I strongly encourage you to hold fast to this modern prophetic assurance during times of greatest distress and discouragement.
In a similar vein, some years ago President Nelson talked of the woman who had the issue of blood. She had spent more than a decade seeking remedies without success. She had spent her entire living on treatments that brought no relief. Some of you know exactly what that feels like. In what I believe can be best described as a case of “faithful desperation,” she found the Savior and reached out to touch His clothing. I imagine it was difficult to do, considering the many people who were there. In my mind’s eye, I see her stretching with all her might and even then just barely grasping the hem of his clothes. We know the result—she was healed. President Nelson talked about her experience, and how it can apply to others in such desperate circumstances:
When you reach up for the Lord’s power in your life with the same intensity that a drowning person has when grasping and gasping for air, power from Jesus Christ will be yours. . . . When you spiritually stretch beyond anything you have ever done before, then His power will flow into you.

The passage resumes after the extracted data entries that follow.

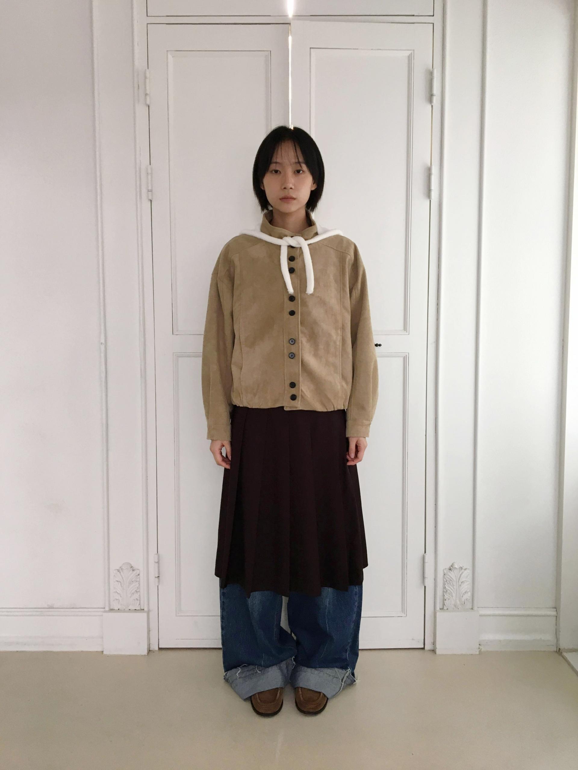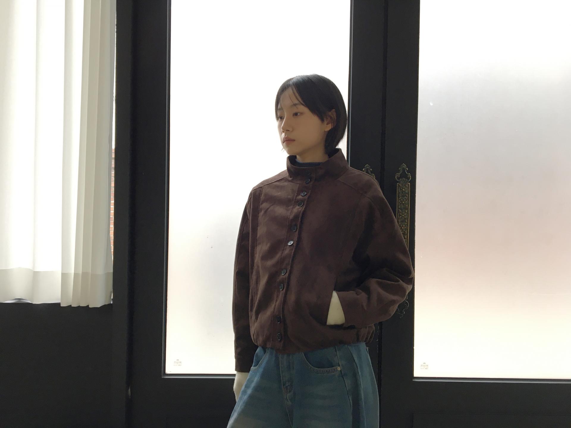 데일리한 블루종 실루엣 자켓입니다. 목을 반 정도 덮는 하이카라
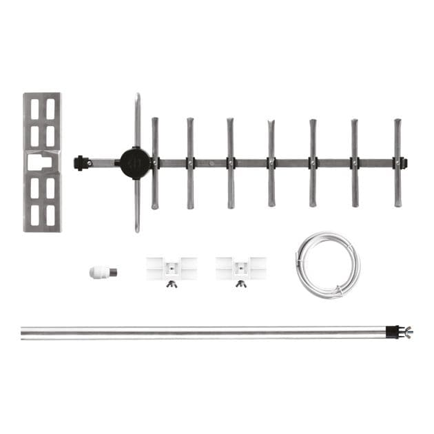 Material: Aluminium Product weight: 0.630kg Product dimensions: Height (250mm), Width (585mm), Depth (71mm) Receives all available digital terrestrial TV signals Designed and tested for outdoor use High quality, durable and robust construction Designed and manufactured in the UK 1 year guarantee Frequency Range:Wideband for UHF TV Compatibility:SD, HD, 3D and 4K TV Elements:9 Signal Strength:strong Forward Gain:5.25dB Front to Back Ratio:20dB Cable Length:5m Boom Specification:15mm Aluminium: Aerial Length:55cm Mast Adaptor Compatibility:Fits 1î mast diameter Mast Specification:1î mast diameter ñ Aluminium Mast Length:54cm
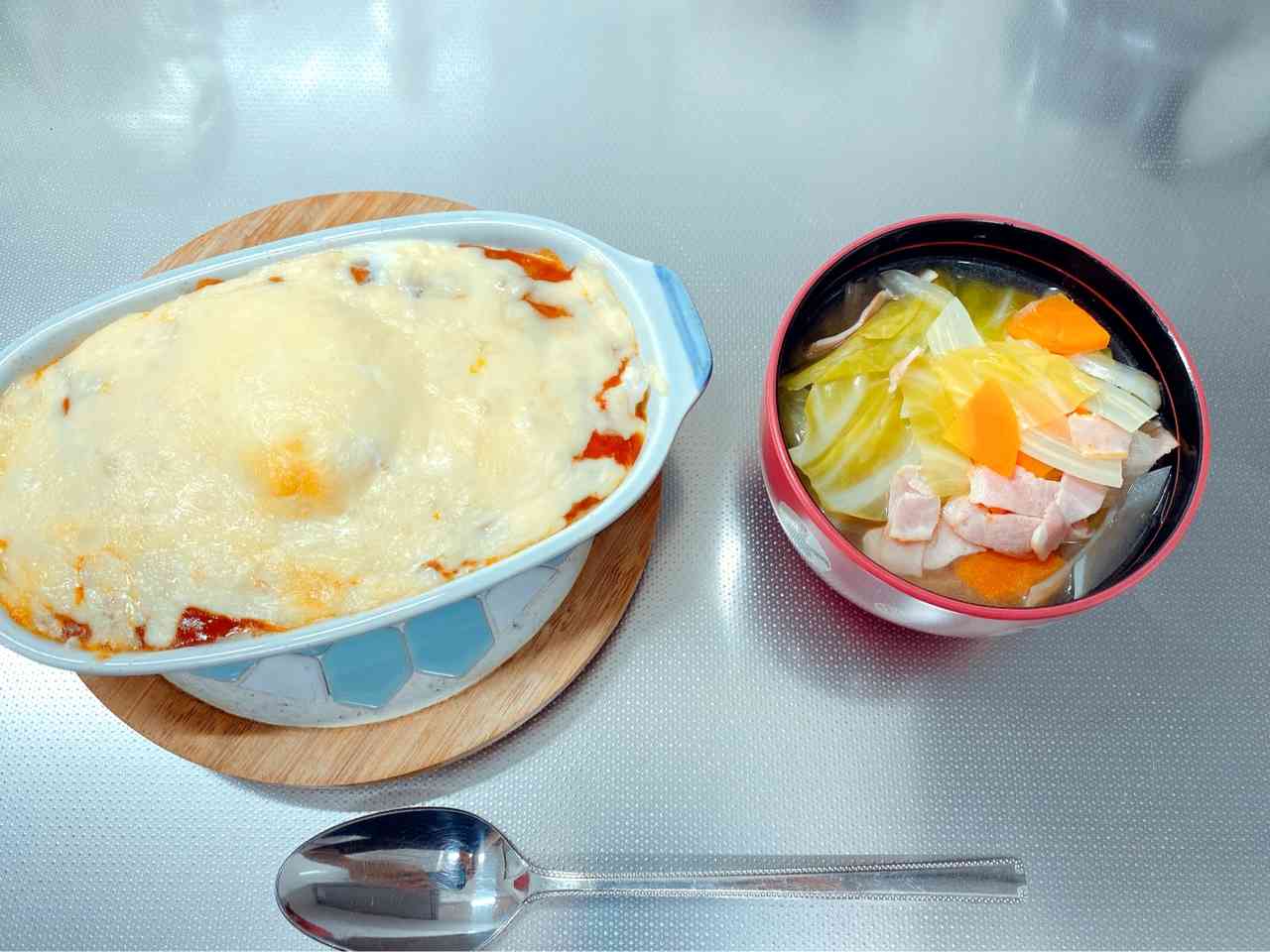 こんにちは。栄養士の今井佳澄です。 休校期間も3か月目に入りまして、1日3回の食事作りに苦労されてることと思います。 そこで献立作成のヒントになればと思い、ほぼリアルな栄養士のお昼ごはんを紹介します。できそうなメニューならお昼ごはんに採用していただき、採用できなくてもおいしそうだなと思っていただけるだけでも嬉しいです。保護者の皆様の食事作りに少しでも役に立てば幸いです。 ☆今日のメニュー☆ ・なんちゃってミラノ風ドリア ・コンソメスープ 材料 ・なんちゃってミラノ風ドリア ごはん 1人分 バター 10g サラダ油 5g 小麦粉 大さじ1 牛乳 適量 ミートソース 適量 卵 1個 チーズ 好きなだけ ・コンソメスープ コンソメ 1/2個 ベーコン 2枚 野菜(キャベツ、たまねぎ、にんじん) 100gくらい 作り方 ・なんちゃってミラノ風ドリア (1)ホワイトソースを作る。(市販のものを使ったり、無しでもOK) バターとサラダ油、小麦粉を耐熱皿に入れて20秒加熱する。 取り出して、よく混ぜる。さらに20秒加熱する。 取り出して、牛乳を少しずつ加えて混ぜる。(ダマになるが、気にしない。) もう一度20秒加熱し、トロトロになるまで牛乳を加えてよく混ぜる。 (2)ごはんとホワイトソースを混ぜて、グラタン皿に詰める。 (3)(2)の上からミートソースをかける。真ん中をくぼませて卵を割り入れる。(半熟卵が好きな人は生の卵を、火が通ってる卵がいい人は温泉卵やゆで卵をのせる。) (4)チーズをかけて、トースターでチーズに焼き目がつくくらい加熱する。 ・コンソメスープ (1)ベーコンを炒める。 (2)水を加える。 (3)野菜とコンソメを加え、野菜が煮えるまで煮る。 (4)塩こしょうで味を整える。 ☆今日のポイント☆ 赤・黄・緑の仲間の食べ物を揃えるようにしましょう。 →ドリアに卵をのせたり、市販のミートソースにひき肉を追加したり、スープにベーコンやハムを入れたりしましょう。 ☆今日の写真☆ 1枚目:完成写真 2枚目:なんちゃってミラノ風ドリアの材料 3枚目:スープに入れた野菜。これで250gくらい(2人分)です。多かったです…【添付ファイル】
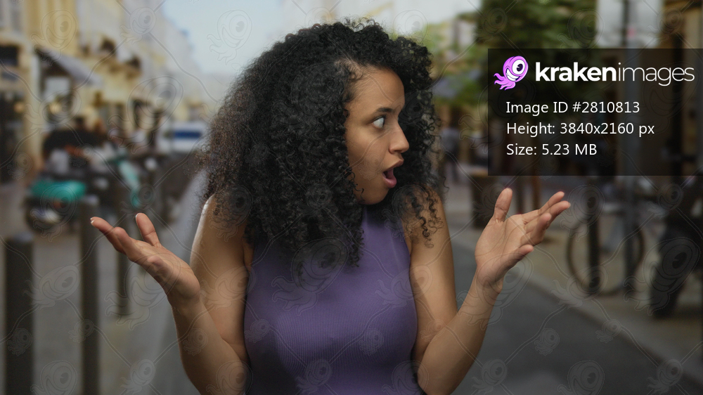Woman expressing surprise outdoors on busy street, showcasing vibrant urban scene with energetic emotion amidst lively city backdrop blending into a colorful environment. - Kraken Images
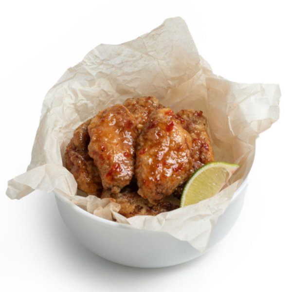 Крылья маринованные (крылья куриные, маринад соевый, имбирь сухой, чеснок сухой), кляр (мука, яйцо, крахмал картофельный, вода), соус-глазурь (смесь 5 перцев, чеснок, соус Сладкий Чили), лайм, тимьян.
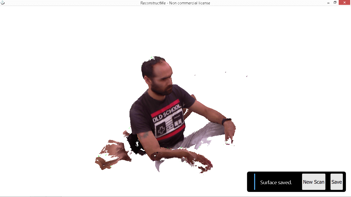 For the assignmet of scanning, i use the kinect for xbox 360 and the free software reconstructme. The step to follow was simple, before set up the device and run de software, select the custom device and press the start button, and the device starts to record. I sat on a swivel chair and rotate slowly 360°, then a colleague finish the record passing the device in a zenital way. The save as a OBJ. file.

I fully acknowledge that I don’t know your specific situation. I’m sorry that some of the things I have written might have made you feel like you are the authors of your own suffering. I know you are struggling and the last thing you need is for someone to hand you another burden. However, I want you to know that I am firmly convinced of the Lord’s love for you. I know there is a personal plan for your redemption from the mental health issues that have plagued you for so long. I don’t know what that plan is, and your doctor or therapist or bishop probably doesn’t know what that plan is, but the Lord does. I believe He will reveal it to you, line upon line, in His due time. Quite frankly, that’s one of the reasons I so strongly promote getting closer to God as a means of helping with mental health issues. I think the more revelation we can receive, the more knowledge we gain, and the more clearly we can see our path to healing. That personalized path can be marked by all sorts of interventions, including clinical, medicinal, behavioral, and spiritual. Your path is yours alone. Others can provide helpful insights, but in truth, there is only One who has ever carried your specific grief and walked your painful path.

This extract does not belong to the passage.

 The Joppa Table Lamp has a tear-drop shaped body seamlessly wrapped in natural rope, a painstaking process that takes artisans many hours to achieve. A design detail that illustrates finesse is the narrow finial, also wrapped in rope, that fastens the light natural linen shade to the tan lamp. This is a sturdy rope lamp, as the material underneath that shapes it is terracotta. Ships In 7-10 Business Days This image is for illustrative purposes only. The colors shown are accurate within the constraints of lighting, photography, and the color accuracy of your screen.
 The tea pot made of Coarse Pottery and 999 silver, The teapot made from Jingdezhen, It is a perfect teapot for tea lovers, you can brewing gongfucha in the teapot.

Alma taught the Nephite saints about the promised Messiah:
And he shall go forth, suffering pains and afflictions and temptations of every kind; and this that the word might be fulfilled which saith he will take upon him the pains and the sicknesses of his people. And he will take upon him death, that he may loose the bands of death which bind his people; and he will take upon him their infirmities, that his bowels may be filled with mercy, according to the flesh, that he may know according to the flesh how to succor his people according to their infirmities (Alma 7:11–12, emphasis added).
I recognize that only the Savior knows the full extent of your suffering, for He has experienced it on your behalf. Only He knows the most perfect way to help you achieve the peace and healing you so greatly desire. And I plead with you to do all in your power, stretching as far as you can, to reach Him and receive what He has to offer. God bless you with the strength and determination to do so.